PURBALINGGA, SERAYUNEWS— Siswa SMP Negeri 5 Satu Atap Rembang sempat harus belajar di masjid sekolah setelah sejumlah ruang kelas mengalami kerusakan berat dan kebocoran. Kini, kondisi sekolah tersebut berubah setelah mendapat bantuan revitalisasi senilai Rp 1,719 miliar dari Kementerian Pendidikan Dasar dan Menengah (Kemendikdasmen) RI.
Hasil revitalisasi melalui Program Bantuan Pemerintah Revitalisasi Satuan Pendidikan tahun 2025 tersebut diresmikan Bupati Purbalingga Fahmi Muhammad Hanif dalam apel pagi bersama siswa dan guru SMPN 5 Satu Atap Rembang, Selasa (11/8/2026).
Bupati Fahmi kemudian meninjau sejumlah fasilitas yang telah direvitalisasi. Salah satunya ruang UKS yang sebelumnya tidak dimiliki sekolah tersebut. “Alhamdulillah, tadi kita lihat sekarang sudah ada UKS, termasuk tempat tidur untuk anak-anak yang sakit saat jam pelajaran. Sebelumnya sekolah ini belum memiliki ruang UKS sehingga yang sakit ditempatkan di perpustakaan sekolah,” kata Fahmi seusai peninjauan.

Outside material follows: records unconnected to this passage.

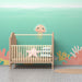 Dyk ner i en förtrollande havsvärld med denna barntapet som visar en bedårande leende manet som simmar bland levande koraller. De mjuka turkosa tonerna och de pastellfärgade nyanserna av korall skapar en lugnande atmosfär, perfekt för ditt lilla barns rum.
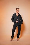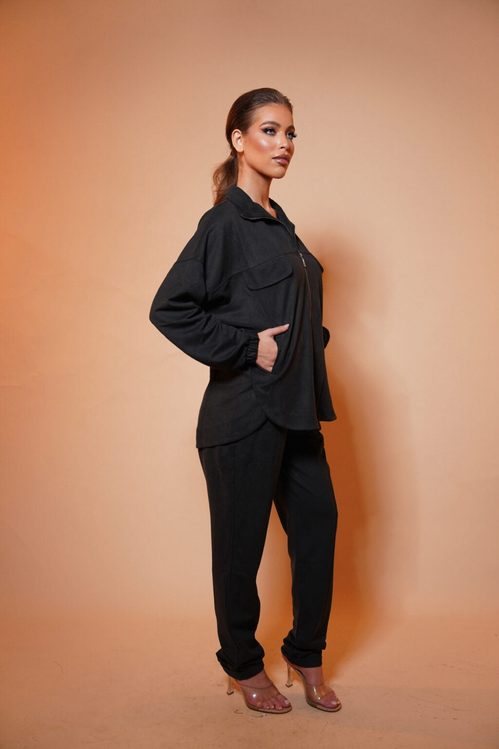 Women’s long sleeves wide leg pants and midi length jacket featuring pockets on it which is available in two colors
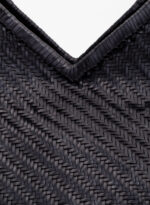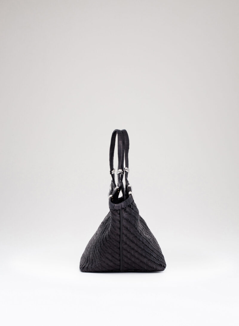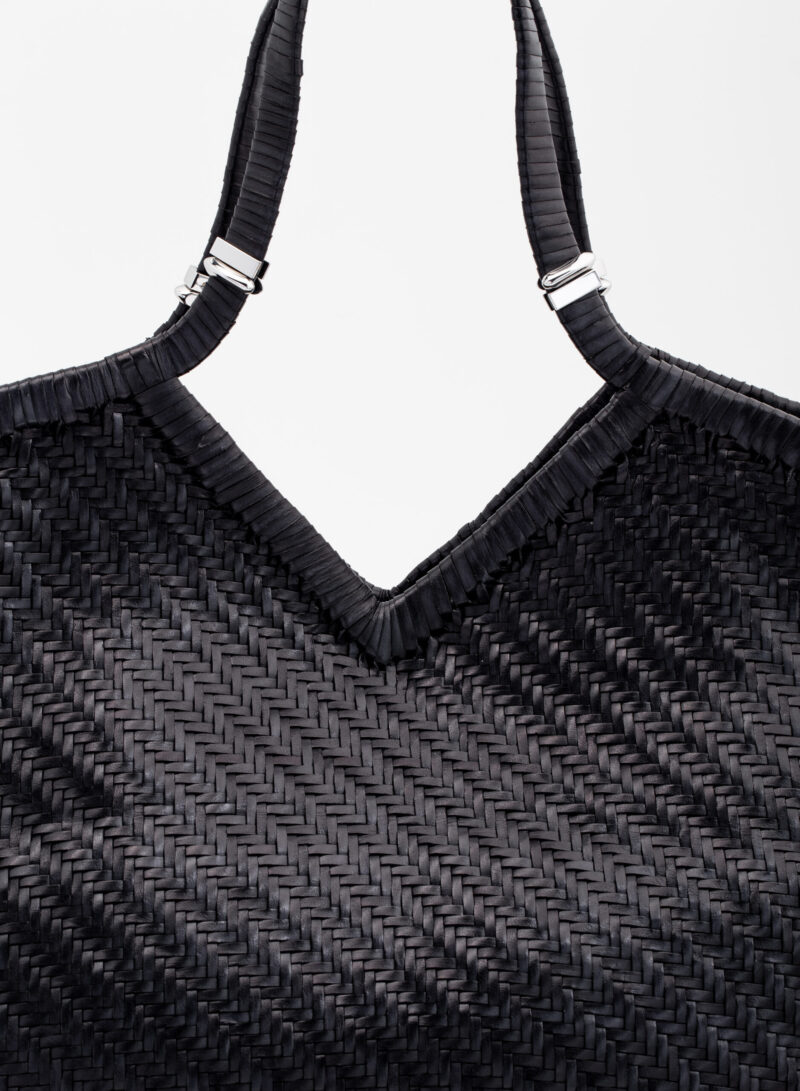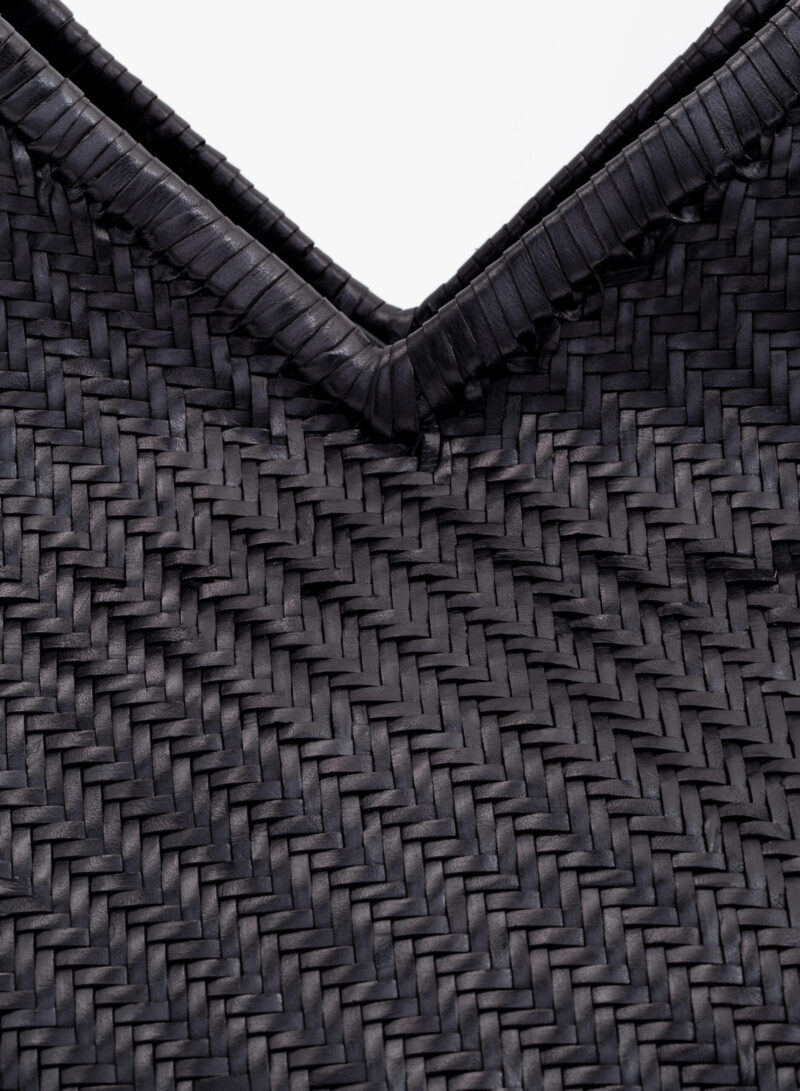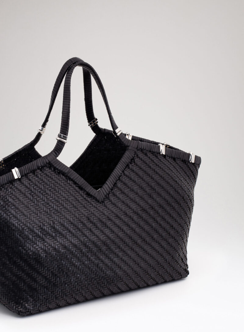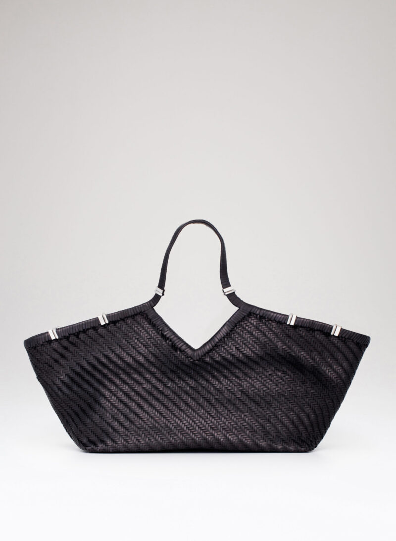 Usha è una shopping bag intrecciata a mano su telaio, realizzata in pelle di bufalo selezionata per la sua resistenza e morbidezza. Il bordo superiore è rifinito con un intreccio raddoppiato, che avvolge tutta la silhouette in un gesto continuo. Il manico, allungato e flessuoso, slancia la forma e permette di portarla a spalla o a mano con naturalezza.

Tak hanya ruang kelas dan UKS, revitalisasi juga dilakukan dengan membangun dan memperbaiki sejumlah fasilitas sekolah antara lain ruang administrasi, laboratorium komputer, dan toilet.
“Ini program yang luar biasa dan sangat bermanfaat. Kondisi seperti di Satap Rembang ini masih ada di sekolah-sekolah lain di Purbalingga,” ujar Fahmi.
Bupati Fahmi meminta sekolah tidak pasif ketika menemukan kondisi sarana dan prasarana yang sudah tidak layak. Terlebih jika kerusakan mengganggu proses belajar mengajar atau berpotensi membahayakan keselamatan siswa, sekolah diminta segera menyampaikan kondisi tersebut kepada Dinas Pendidikan dan Kebudayaan.
“Kalau sarana dan prasarana sudah tidak layak untuk kegiatan belajar mengajar, apalagi sampai membahayakan anak-anak, jangan dibiarkan. Segera ajukan melalui Dinas Pendidikan,” ujar Fahmi.
Dinas Pendidikan kemudian dapat membantu memverifikasi kebutuhan sekaligus mendorong usulan tersebut untuk mendapatkan dukungan melalui program revitalisasi pemerintah.
Kepala Dinas Pendidikan dan Kebudayaan Kabupaten Purbalingga Heru Sri Wibowo mengatakan, pada 2025 Purbalingga mendapatkan Program Bantuan Pemerintah Revitalisasi Satuan Pendidikan untuk 25 sekolah dengan total anggaran Rp 15.041.166.433. Sementara pada 2026, Purbalingga sementara mendapatkan alokasi bantuan revitalisasi untuk 45 sekolah dengan total anggaran Rp 31.520.688.890.
Dalam kesempatan yang sama, Fahmi menyerahkan Program Indonesia Pintar (PIP) kepada siswa penerima manfaat SMPN 5 Satu Atap Rembang. Di SMPN 5 Satu Atap Rembang, tercatat 103 siswa menerima PIP pada 2025. Sementara pada 2026, sekolah tersebut mendapatkan kuota PIP untuk 100 siswa.